Start of Block

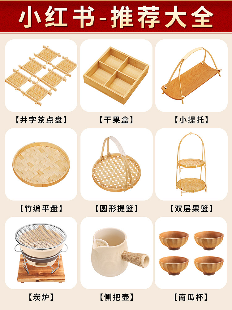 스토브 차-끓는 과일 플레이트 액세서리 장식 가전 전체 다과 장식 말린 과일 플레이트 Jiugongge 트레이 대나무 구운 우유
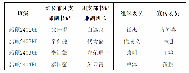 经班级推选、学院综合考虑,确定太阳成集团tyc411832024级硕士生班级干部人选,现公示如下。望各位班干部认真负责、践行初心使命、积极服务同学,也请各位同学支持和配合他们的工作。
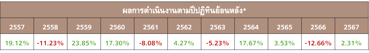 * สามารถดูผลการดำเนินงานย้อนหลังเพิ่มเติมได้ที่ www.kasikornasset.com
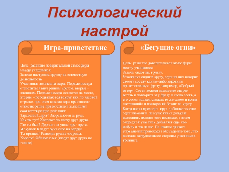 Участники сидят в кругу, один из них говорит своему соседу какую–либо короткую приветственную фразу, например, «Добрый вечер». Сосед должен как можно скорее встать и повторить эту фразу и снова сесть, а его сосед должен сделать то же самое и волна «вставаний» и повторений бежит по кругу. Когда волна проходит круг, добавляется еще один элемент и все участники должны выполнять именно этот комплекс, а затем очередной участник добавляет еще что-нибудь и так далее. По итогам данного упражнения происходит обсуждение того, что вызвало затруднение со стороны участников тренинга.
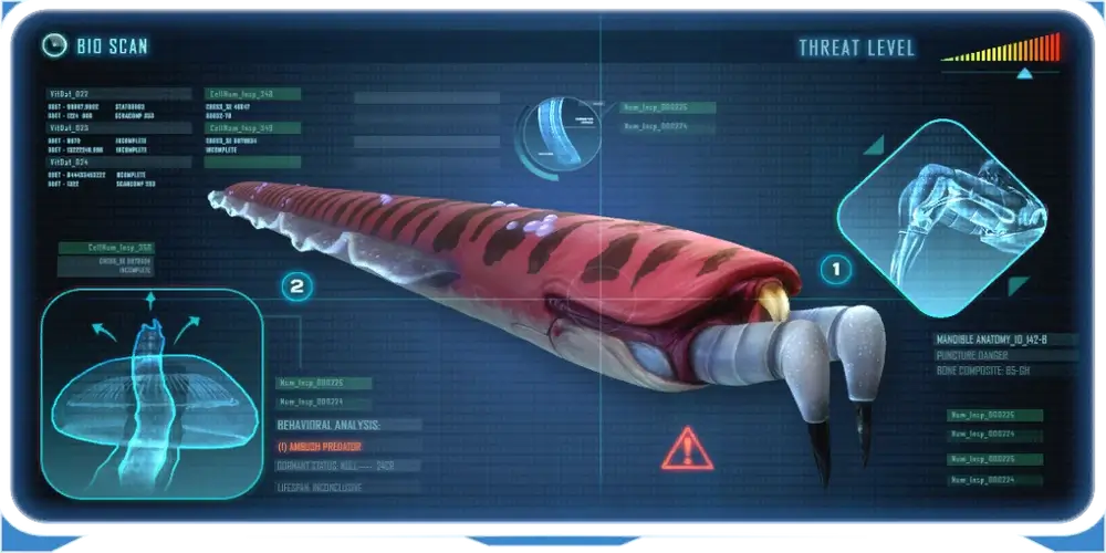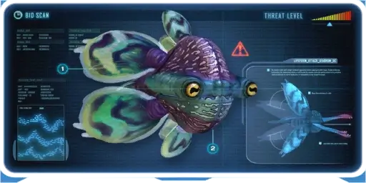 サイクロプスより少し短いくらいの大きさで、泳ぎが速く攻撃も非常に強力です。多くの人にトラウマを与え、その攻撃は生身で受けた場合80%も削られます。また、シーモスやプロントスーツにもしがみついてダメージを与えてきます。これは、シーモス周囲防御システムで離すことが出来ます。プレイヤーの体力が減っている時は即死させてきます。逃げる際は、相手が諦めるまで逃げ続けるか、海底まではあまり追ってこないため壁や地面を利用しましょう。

End of Block
Start of Block

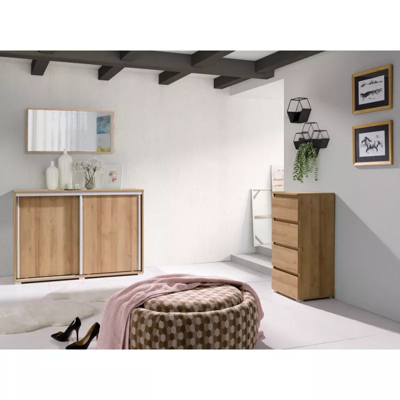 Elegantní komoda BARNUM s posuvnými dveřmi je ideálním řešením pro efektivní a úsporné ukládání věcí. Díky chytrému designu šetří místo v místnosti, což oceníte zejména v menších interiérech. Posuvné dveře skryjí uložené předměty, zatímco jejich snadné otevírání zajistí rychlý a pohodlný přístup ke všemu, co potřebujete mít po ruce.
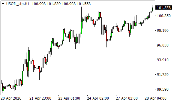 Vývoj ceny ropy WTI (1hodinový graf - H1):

End of Block
Start of Block

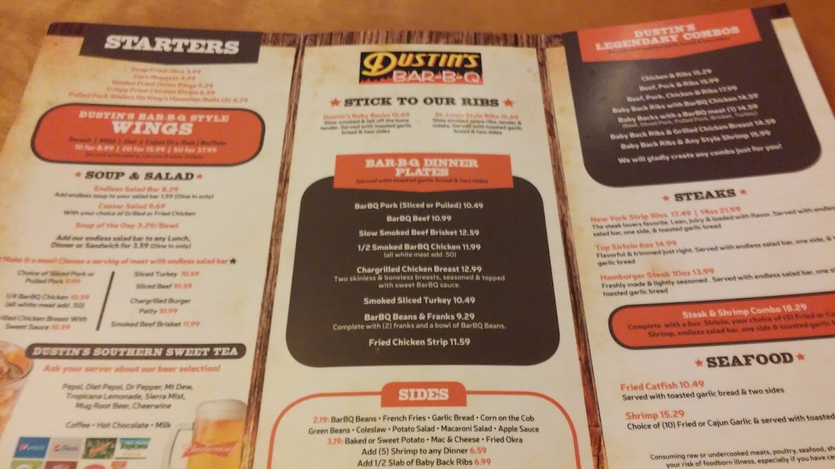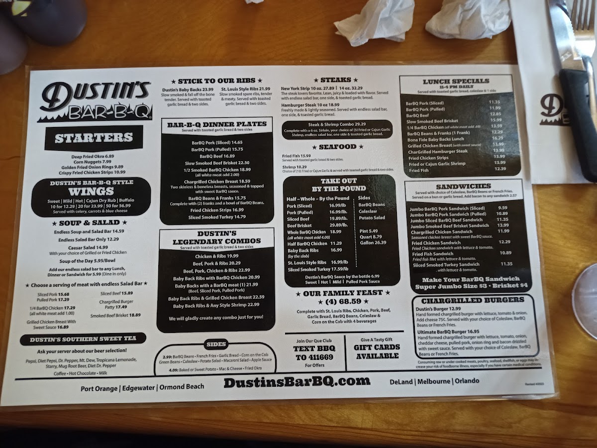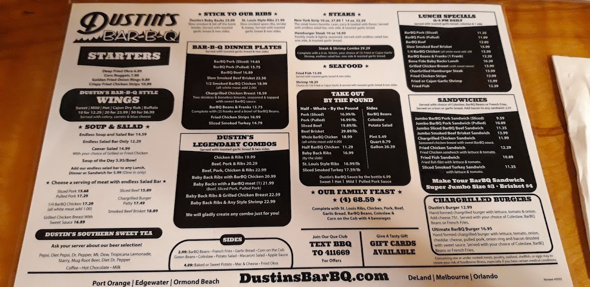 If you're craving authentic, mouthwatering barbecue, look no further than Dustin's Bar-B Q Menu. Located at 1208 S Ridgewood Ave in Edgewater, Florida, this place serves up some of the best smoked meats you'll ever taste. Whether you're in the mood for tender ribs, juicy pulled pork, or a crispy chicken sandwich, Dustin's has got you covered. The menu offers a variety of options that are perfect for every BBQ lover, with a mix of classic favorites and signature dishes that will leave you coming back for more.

End of Block

Activity: Retype, exactly and with no pictures, everything above from the line with "Elegantní komoda BARNUM" down to the line with "Vývoj ceny ropy", both included.

Answer box:
 Elegantní komoda BARNUM s posuvnými dveřmi je ideálním řešením pro efektivní a úsporné ukládání věcí. Díky chytrému designu šetří místo v místnosti, což oceníte zejména v menších interiérech. Posuvné dveře skryjí uložené předměty, zatímco jejich snadné otevírání zajistí rychlý a pohodlný přístup ke všemu, co potřebujete mít po ruce.
 Vývoj ceny ropy WTI (1hodinový graf - H1):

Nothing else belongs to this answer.